*** Opening Data extract ***

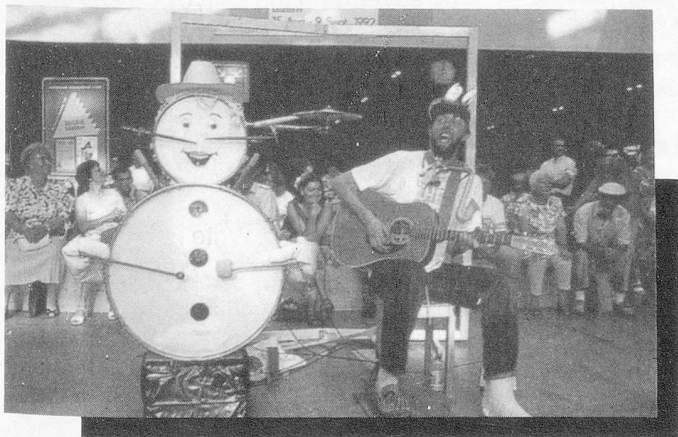
One man show from UK with assistance from a robot snowman.

tional music festivals which are very costly and mostly reserved to the elite. In contrast, at the Lucerne street musicians festival, everyone can participate and anyone can watch.
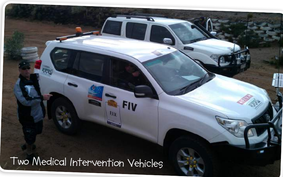
Two Medical Intervention Vehicles

Given the increase in the number of entries for COT 2014 the organisers have determined to engage two Medical Intervention Vehicles (MIV) from Motorsport Safety and Rescue, each with a doctor and paramedic, and necessary equipment for emergencies. Given the 'linear' nature of the event, where special stages are spread out over a considerable distance (compared to loops), the organisers recognise the need to extend the MIV service to provide for intervention at an incident involving injury as quickly as possible. The MIV's communication will be part of the RallySafe system, to provide the medical staff with the quickest possible messages.
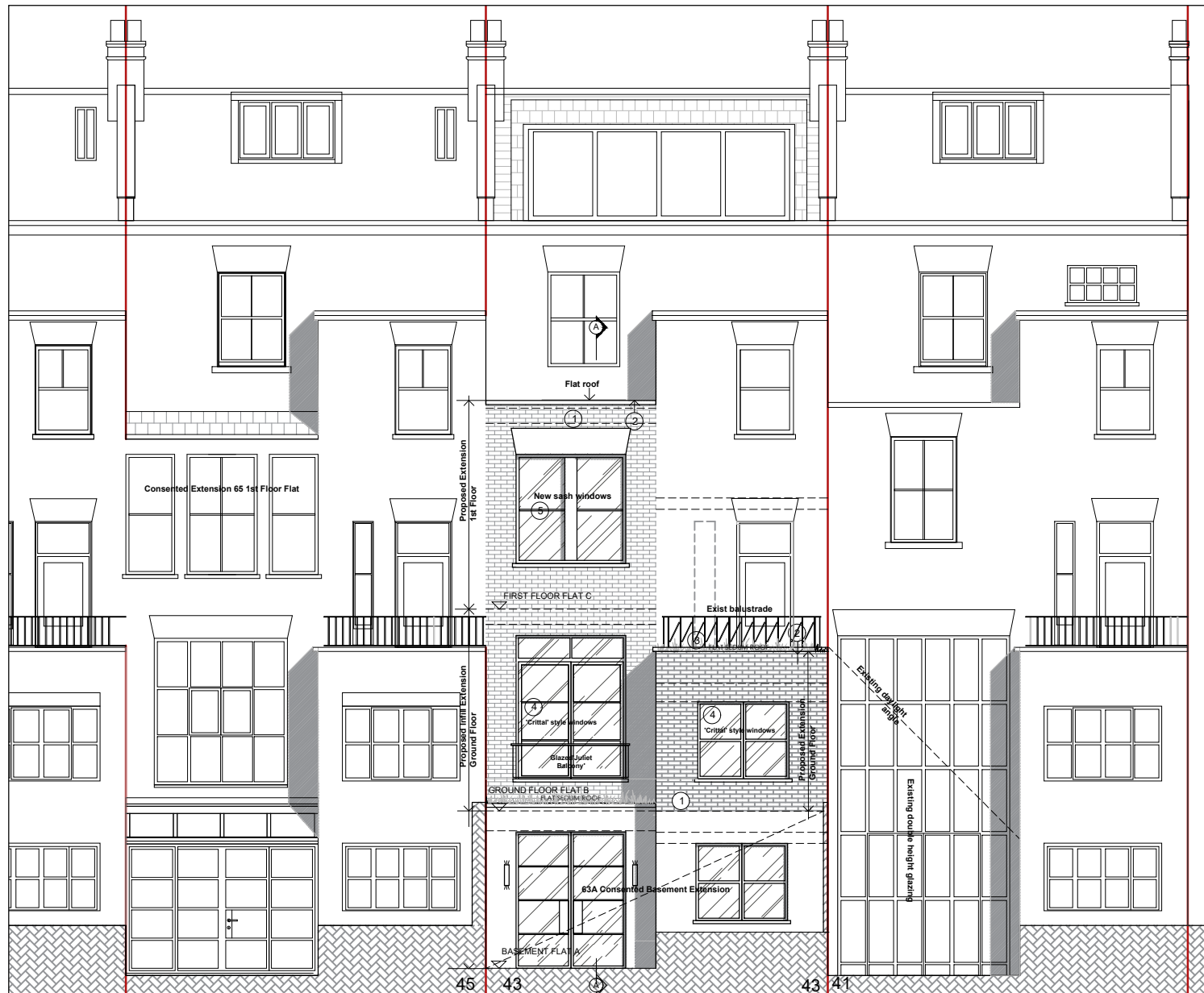
Proposed Context Elevations including no.45 consented scheme
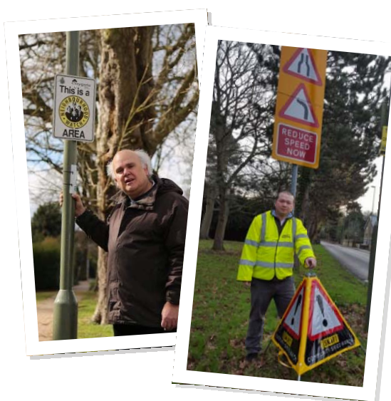
Partnering with our local police to make Claygate even safer

We will continue to partner with our local police, as they tackle crime and anti-social behaviour, to make Claygate even safer. Surrey Police are undergoing reorganisation and safer neighbourhood teams will become smaller. We want to ensure that our police continue to understand and act on local concerns and needs and that they retain a critical link to our community. We will do our best to assist, including supporting Neighbourhood Watch and Speed Watch.
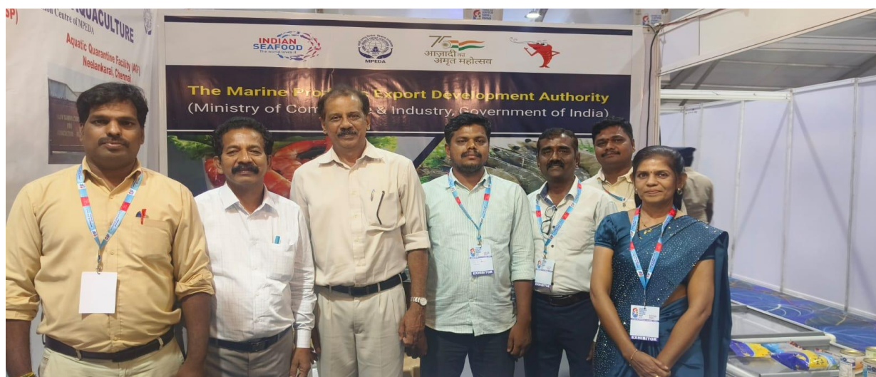
Participation in Seafood Show organized by Tamil Nadu Fisheries Department
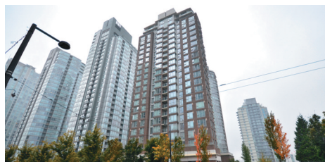
YALETOWN - DT VANCOUVER #507-550 Pacific St. $399,000
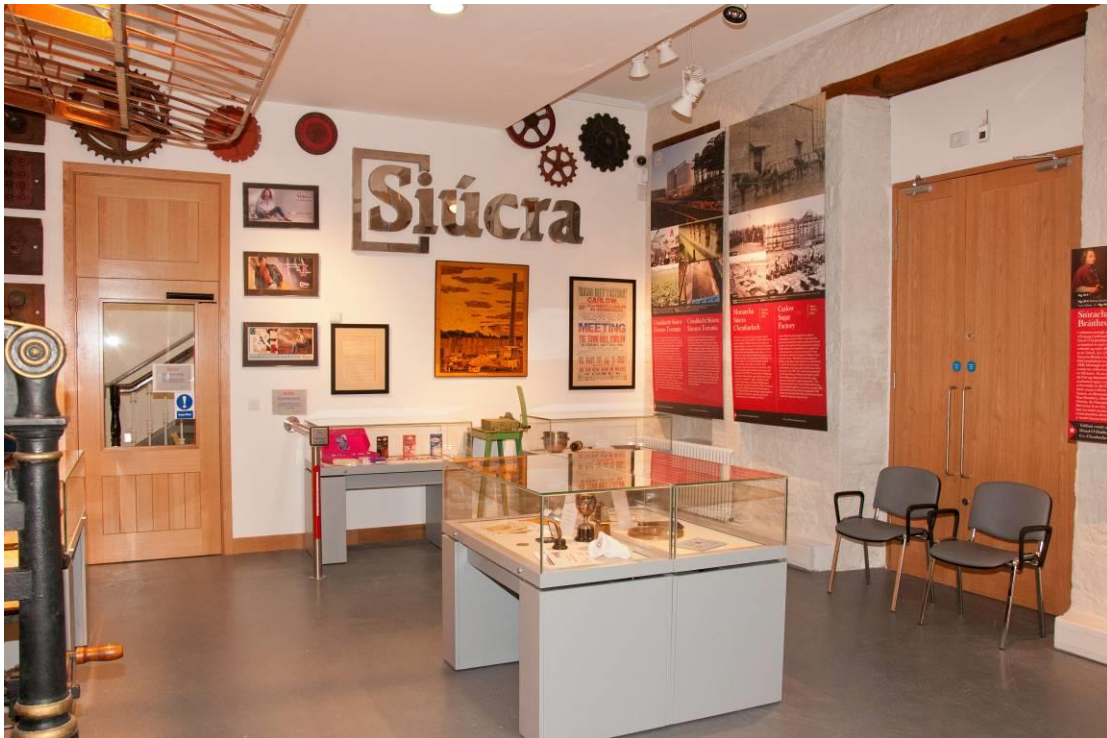
An taispeántas atá i Músaem Contae Cheatharlach faoin Monarcha Siúcra

Go dtí 1960, bhíodh bunscoil an Chlochair ar an áit a bhfuil bunurlár an Mhúsaeim anois. Trí sheomra ranga a bhíodh ann agus spiaráí eatarthu agus is ar an bpasáiste ar thaobh Shráid an Choláiste den fhoirgneamh a bhíodh na doirse. Is iomaí úsáid a baineadh as na seomraí seo ó 1989 i leith le haghaidh imeachtaí a bhí ag an bpobal agus ag eagraíochtaí deonacha agus mar sin rinneadh athruithe ar roinnt áirithe de na seomraí. Cinneadh aon spás fairsing taispeántais amháin a dhéanamh den bhunurlár ionas go bhféadfaí na gailearaithe taispeántais a bhogadh ó áit go háit sa Mhúsaeim.
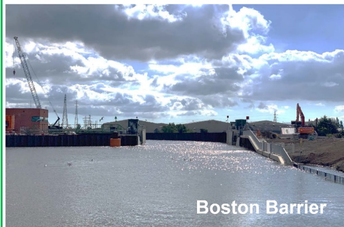
Top: Before works (2017), Middle: During barrier delivery (2019), Bottom: Barrier open (2020)

The Boston Barrier primary gate is now fully operational and working to give an enhanced level of flood protection to over 13,000 homes and businesses in the town.
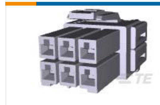
TE Part #177901-1 POWER DBL LOCK PLUG HSG 6P
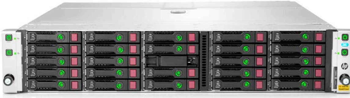
Chassis, front view with 24 drives
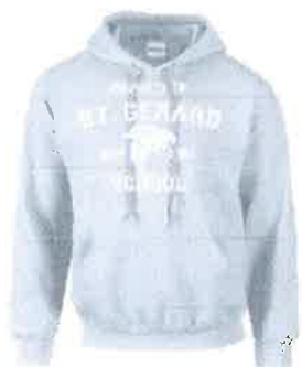
Item 5 Sport Grey or Pink Sweatshirt - Logo 2
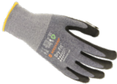
DRY-FIT® AIRFLOW/LIGHT GRIP 100213
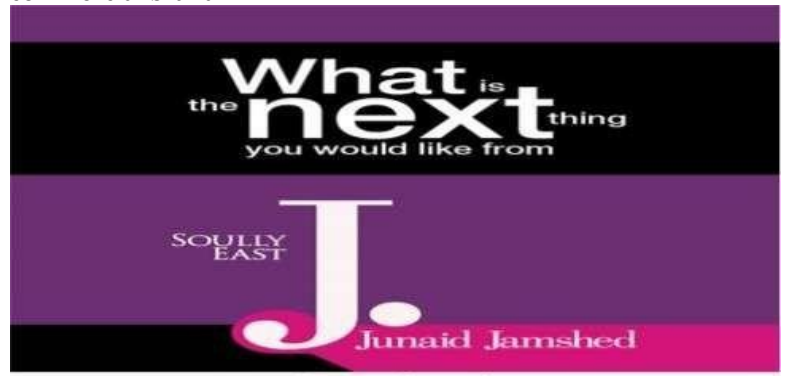
Let us know!

To analyze J's strategic use of cultural imagery and linguistic adaptation, the following data was obtained from the official website and Facebook page the brand. A special focus has been given to the linguistic and semiotics characteristics used in the text. It is significant to mention that Junaid Jamshed, the founder of the brand was a well-knownPakistani rockband leader beforehis transformation into a religious scholar.Hencereligious elements are often prominent in the textual features of promotions used by this commercial brand.
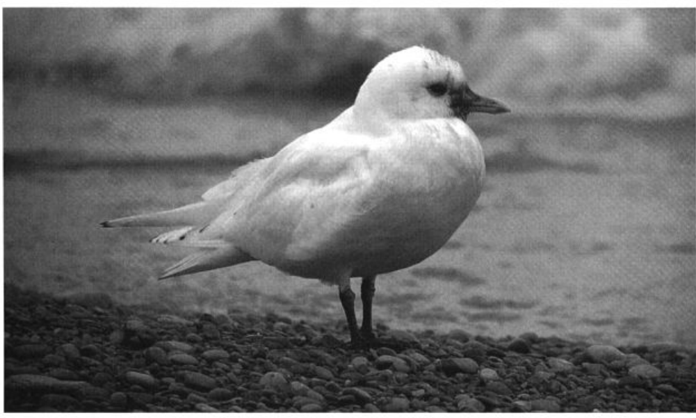
This first-winter Ivory Gull spent 8-13 (here 13) January 2006 at Hillman Marsh, Ontario, a first record for Point Pelee.

sumed to be the bird first seen 18 Dec on the Presqu'ile C.B.C.) was seen 11-31 Jan (RDM, m.ob.). Rusty Blackbirds were reported in better-than-average numbers, at least for recent seasons. At the Tip of Point Pelee, 60 were seen 16 Dec (AW); 120 were at Sturgeon Creek 27 Dec (AW); and 27 were at Port Hope 11 Dec (ERM). Two Brewer's Blackbirds were found at Shrewsbury 9 Dec (JTB), 2 at Erie Beach 18 Dec (KTB, SC), 2 w. of Wheatley
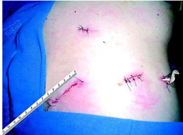
Figure 3 – Final aspect of the incisions. The specimen was removed by the 5 cm inguinal incision. A Penrose drain is left in the dorsal surgeon working port.

There were no major complications. Six patients developed abdominal body wall complications: three patients developed subcutaneous emphysema with no clinical repercussion and a spontaneous resolution; two patients developed surgical wound hematoma in the first trocar incision and one patient
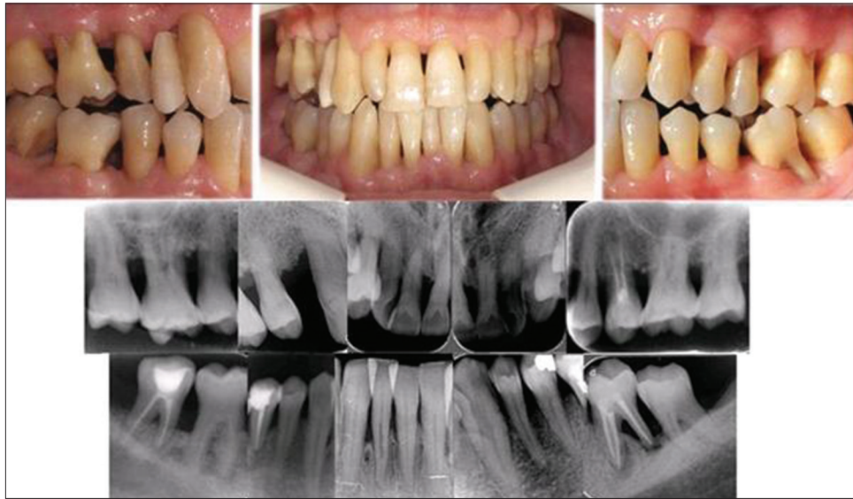
Figure 5: Clinical and radiographic view 84 months after the operations

Based on existing evidence, the American Academy of Periodontology suggested several indications for gingival augmentation procedures. [8] We placed FGG onto the insufficient keratinized tissue zones after IPT before flap surgeries.

*** Closing Data extract ***

A word-for-word copy of the data above is needed, one that omits the pictures.

• [Answer area]
One man show from UK with assistance from a robot snowman.

tional music festivals which are very costly and mostly reserved to the elite. In contrast, at the Lucerne street musicians festival, everyone can participate and anyone can watch.
Two Medical Intervention Vehicles

Given the increase in the number of entries for COT 2014 the organisers have determined to engage two Medical Intervention Vehicles (MIV) from Motorsport Safety and Rescue, each with a doctor and paramedic, and necessary equipment for emergencies. Given the 'linear' nature of the event, where special stages are spread out over a considerable distance (compared to loops), the organisers recognise the need to extend the MIV service to provide for intervention at an incident involving injury as quickly as possible. The MIV's communication will be part of the RallySafe system, to provide the medical staff with the quickest possible messages.
Proposed Context Elevations including no.45 consented scheme
Partnering with our local police to make Claygate even safer

We will continue to partner with our local police, as they tackle crime and anti-social behaviour, to make Claygate even safer. Surrey Police are undergoing reorganisation and safer neighbourhood teams will become smaller. We want to ensure that our police continue to understand and act on local concerns and needs and that they retain a critical link to our community. We will do our best to assist, including supporting Neighbourhood Watch and Speed Watch.
Participation in Seafood Show organized by Tamil Nadu Fisheries Department
YALETOWN - DT VANCOUVER #507-550 Pacific St. $399,000
An taispeántas atá i Músaem Contae Cheatharlach faoin Monarcha Siúcra

Go dtí 1960, bhíodh bunscoil an Chlochair ar an áit a bhfuil bunurlár an Mhúsaeim anois. Trí sheomra ranga a bhíodh ann agus spiaráí eatarthu agus is ar an bpasáiste ar thaobh Shráid an Choláiste den fhoirgneamh a bhíodh na doirse. Is iomaí úsáid a baineadh as na seomraí seo ó 1989 i leith le haghaidh imeachtaí a bhí ag an bpobal agus ag eagraíochtaí deonacha agus mar sin rinneadh athruithe ar roinnt áirithe de na seomraí. Cinneadh aon spás fairsing taispeántais amháin a dhéanamh den bhunurlár ionas go bhféadfaí na gailearaithe taispeántais a bhogadh ó áit go háit sa Mhúsaeim.
Top: Before works (2017), Middle: During barrier delivery (2019), Bottom: Barrier open (2020)

The Boston Barrier primary gate is now fully operational and working to give an enhanced level of flood protection to over 13,000 homes and businesses in the town.
TE Part #177901-1 POWER DBL LOCK PLUG HSG 6P
Chassis, front view with 24 drives
Item 5 Sport Grey or Pink Sweatshirt - Logo 2
DRY-FIT® AIRFLOW/LIGHT GRIP 100213
Let us know!

To analyze J's strategic use of cultural imagery and linguistic adaptation, the following data was obtained from the official website and Facebook page the brand. A special focus has been given to the linguistic and semiotics characteristics used in the text. It is significant to mention that Junaid Jamshed, the founder of the brand was a well-knownPakistani rockband leader beforehis transformation into a religious scholar.Hencereligious elements are often prominent in the textual features of promotions used by this commercial brand.
This first-winter Ivory Gull spent 8-13 (here 13) January 2006 at Hillman Marsh, Ontario, a first record for Point Pelee.

sumed to be the bird first seen 18 Dec on the Presqu'ile C.B.C.) was seen 11-31 Jan (RDM, m.ob.). Rusty Blackbirds were reported in better-than-average numbers, at least for recent seasons. At the Tip of Point Pelee, 60 were seen 16 Dec (AW); 120 were at Sturgeon Creek 27 Dec (AW); and 27 were at Port Hope 11 Dec (ERM). Two Brewer's Blackbirds were found at Shrewsbury 9 Dec (JTB), 2 at Erie Beach 18 Dec (KTB, SC), 2 w. of Wheatley
Figure 3 – Final aspect of the incisions. The specimen was removed by the 5 cm inguinal incision. A Penrose drain is left in the dorsal surgeon working port.

There were no major complications. Six patients developed abdominal body wall complications: three patients developed subcutaneous emphysema with no clinical repercussion and a spontaneous resolution; two patients developed surgical wound hematoma in the first trocar incision and one patient
Figure 5: Clinical and radiographic view 84 months after the operations

Based on existing evidence, the American Academy of Periodontology suggested several indications for gingival augmentation procedures. [8] We placed FGG onto the insufficient keratinized tissue zones after IPT before flap surgeries.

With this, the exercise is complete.